Les PME, elles, peuvent bénéficier d'une aide plafonnée à 2 millions d'euros, à la condition que leur facture d'énergie représente au moins 3 % de leur chiffre d'affaires et qu'elle ait doublé depuis l'année dernière – cette dernière exigence étant toujours remplie. Nous avions auparavant des critères beaucoup trop contraignants, que nous avons simplifiés. Les nouvelles conditions entreront en vigueur au 1er octobre. J'ai l'espoir que cela débloque le mécanisme et permette à un maximum de PME d'être aidées.

Pour ce qui est, enfin, des entreprises énergo-intensives, qui dépensent un montant substantiel en électricité ou en gaz – aciéries, industries chimiques, verriers, producteurs de carton ou de papier… – le dispositif comportant des paliers à 25 et 45 millions d'euros ne marche pas. Depuis le départ, nous avions dit à la Commission européenne, à longueur de réunion, qu'il était beaucoup trop complexe. Il y a urgence et j'ai demandé à la Commission européenne de le réformer avant la fin de 2022.

Nous allons naturellement prolonger ces dispositifs au-delà du 31 décembre 2022.

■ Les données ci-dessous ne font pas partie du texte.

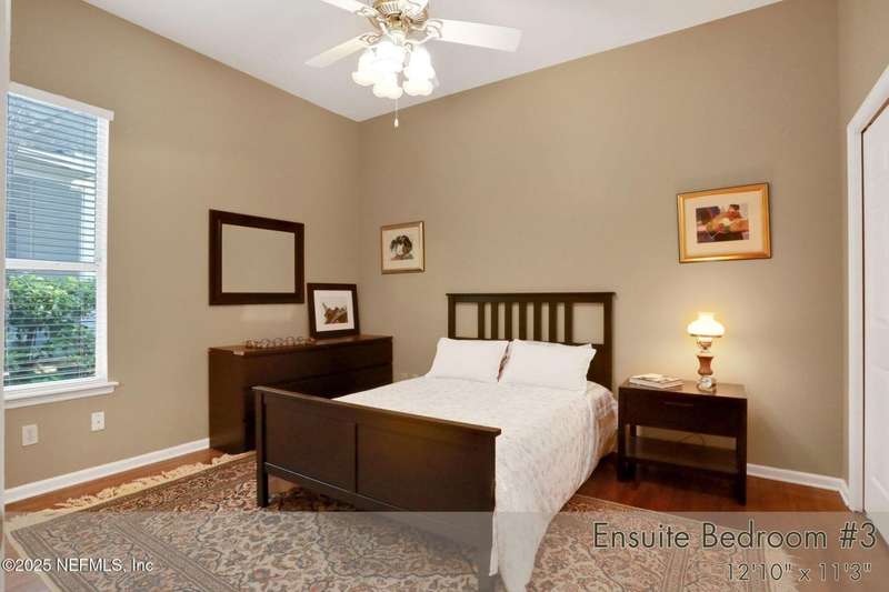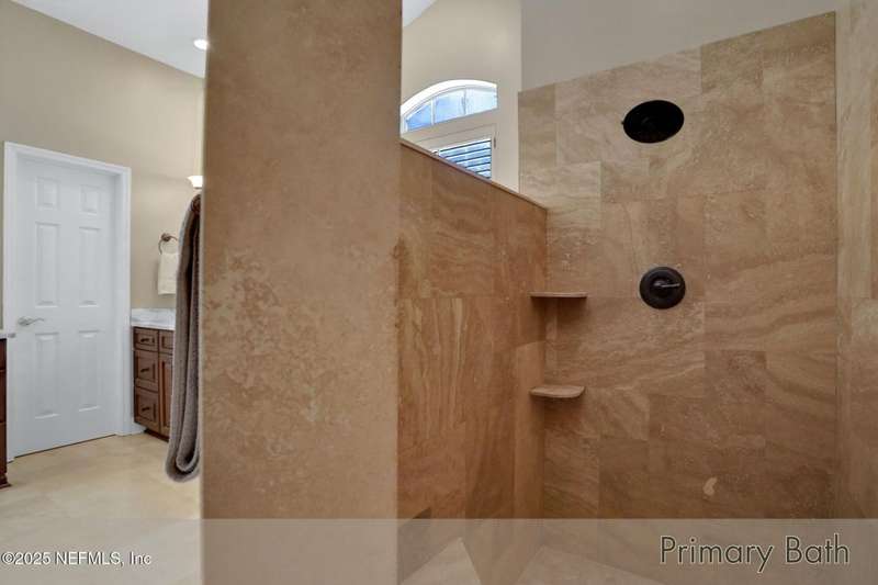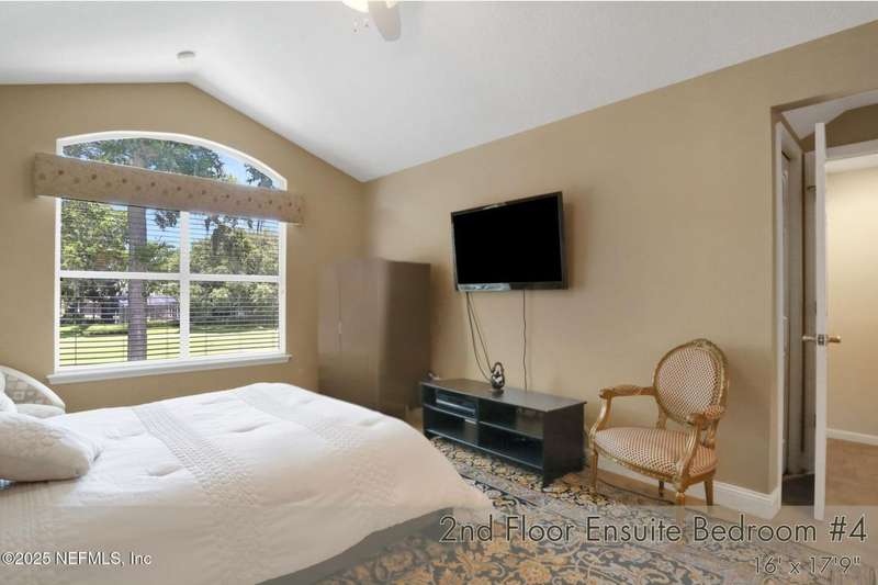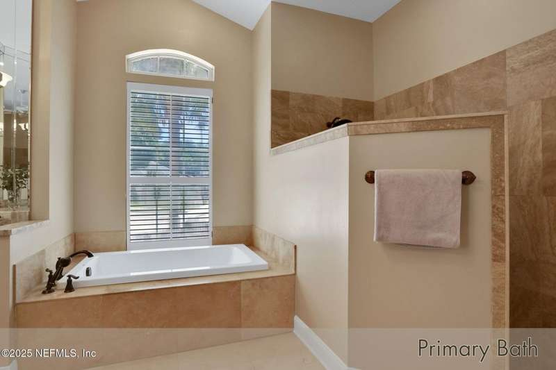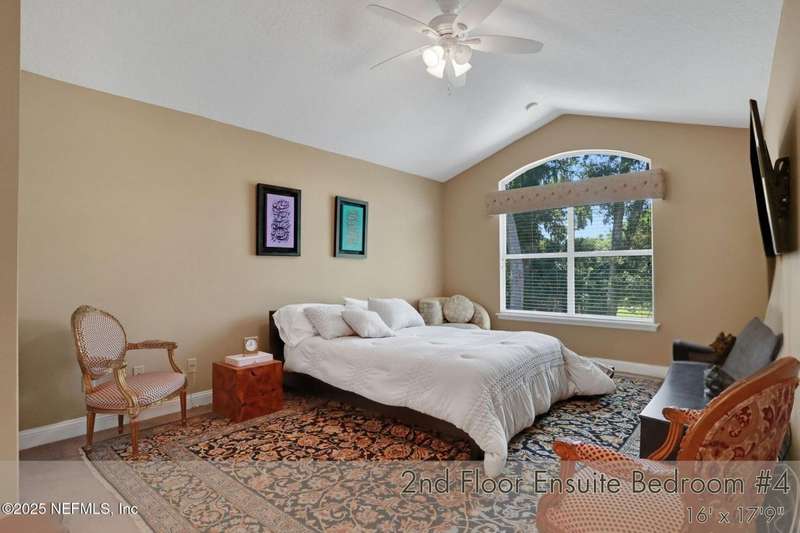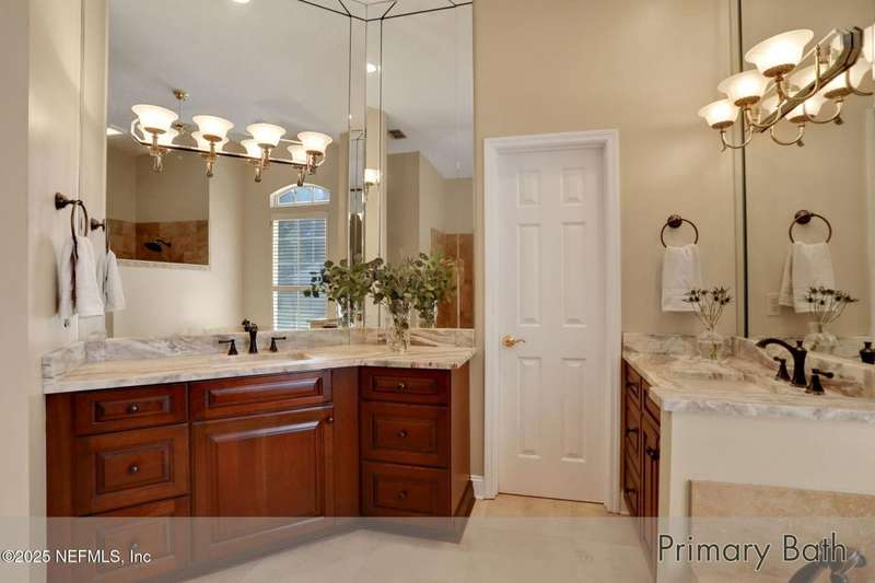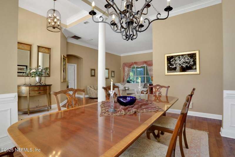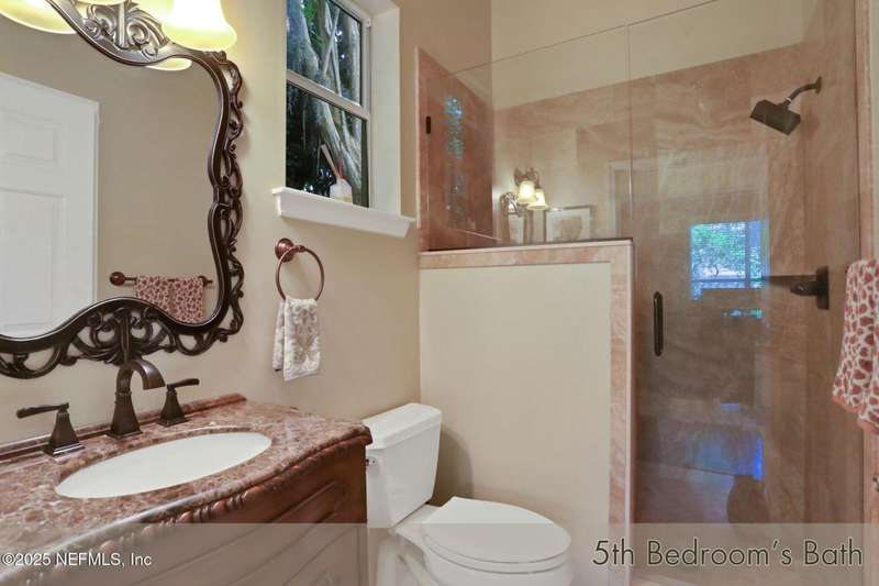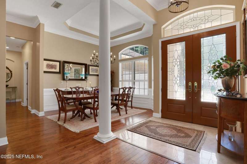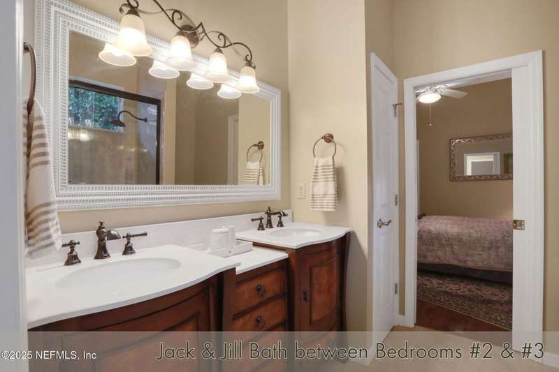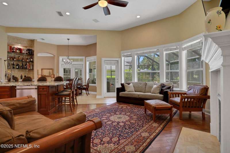 This gorgeous home sits pretty on a spacious lot overlooking the Mark McCumber designed championship golf course in the exclusive gated community of Queen's Harbour. It has five ensuite bedrooms and over 3,300 sq ft of indoor living space. An added bonus is the 860 sq ft of screened outdoor living complete with an inground pool and spa. This home has room for everyone. Pull up the expanded paver driveway and you'll immediately notice the charming courtyard entry garage. The magnificent eight-foot leaded glass double doors topped with an arched transom window create a grand entrance that floods the foyer, living room, and dining room with natural light. Step inside and prepare to be wowed by the incredible water-to-golf course views through the living room's wall of windows. The large-format travertine and gleaming engineered wood floors throughout the main level add an elegant touch that's both beautiful and practical. The spacious dining room can and has hosted dinner parties for twelve or more, making it perfect for entertaining. But the real showstopper is the Great Room, which truly serves as the heart of this home. This naturally-lit space features a wall of windows and glass doors with fabulous water-to-golf views from every angle. The luxuriously updated kitchen is a chef's paradise with a huge island that seats six for dining and gathering space for more. The breakfast nook and comfortable den with marble hearth gas fireplace is paired with an floor-to-ceiling custom wood display cabinet. This is amazing space.The furniture-inspired Thomasville Custom Cabinetry with two-tier stacked upper cabinets features a glass display gallery to showcase all of for your attractive dishware and collectibles. Soft-close doors, custom inserts, and soft-glide drawers highlight the quality construction. The exotic and rare double straight-edge granite countertops with matching seamless backsplash create a cohesive, designer-inspired look.Two built-in tumbled travertine beverage stations add convenience and style. One serves as a coffee station while the other handles adult beverages, both feature ambient lighting and custom glass shelving. The glass entry pantry closet with custom shelving keeps everything organized and clutter-free.The kitchen comes equipped with a top-of-the-line Thermador appliance package including a six-burner gas range topped with a limestone exhaust hood, seven-foot three-door French-style refrigerator, and Sapphire dishwasher.Off the great room, through the breakfast nook to the sun room. The Sun Room has double sliders leading to the outdoor screened living space with sparkling pool and spa overlooking the park-like backyard. Beyond the screened enclosure is a huge open patio extending the outdoor entertainment options even further especially with the incredible expansive long-views of the golf course.The thoughtful three-way split bedroom floor plan works perfectly for multi-generational living. The primary bedroom, located just off the foyer, features a vestibuled entry with an oversized bedroom on one side and a resort-style bath on the other. This tremendous bathroom includes a soaker tub, oversized shower, two separate vanities, water closet, and two walk-in closets. The sleeping area has a generously sized sitting area with French doors to the sun room and pool.On the opposite side of the home, the guest bedroom wing includes bedrooms two and three sharing a Jack and Jill bath with double sinks and linen closet

À l'échelle européenne, nous travaillons sur des achats communs d'énergie – c'est ce qu'il y a de plus efficace –, sur un plafonnement des prix du gaz et sur la déconnexion définitive des prix du gaz et de l'électricité. J'avais écrit au président de l'Eurogroupe, en octobre 2021, pour réclamer cette déconnexion. Je pense que nous sommes sur la bonne voie. Il est aberrant que les prix de l'électricité décarbonée soient indexés sur le coût marginal d'ouverture de la dernière centrale à gaz. Sur tous ces points, les idées que nous défendons depuis plus d'un an avec le Président de la République sont en passe d'être adoptées par l'Union européenne.

Enfin, la remise de 30 centimes sur les carburants – qui représente un coût total de 7,6 milliards d'euros – permet à nos compatriotes de payer le carburant moins cher au moment où ils en ont le plus besoin, c'est-à-dire en période de rentrée. Cette remise s'éteindra progressivement d'ici au mois de décembre. Nous verrons, début 2023, si le prix du baril reste à un niveau mesuré, de l'ordre de 85 ou 90 dollars, ou si des événements extérieurs le font flamber. Nous adapterons les dispositifs à ce moment-là. Nous passerons, quoi qu'il arrive, à des mécanismes ciblés, notamment en faveur de ceux qui n'ont pas d'autre choix que d'utiliser leur voiture pour travailler.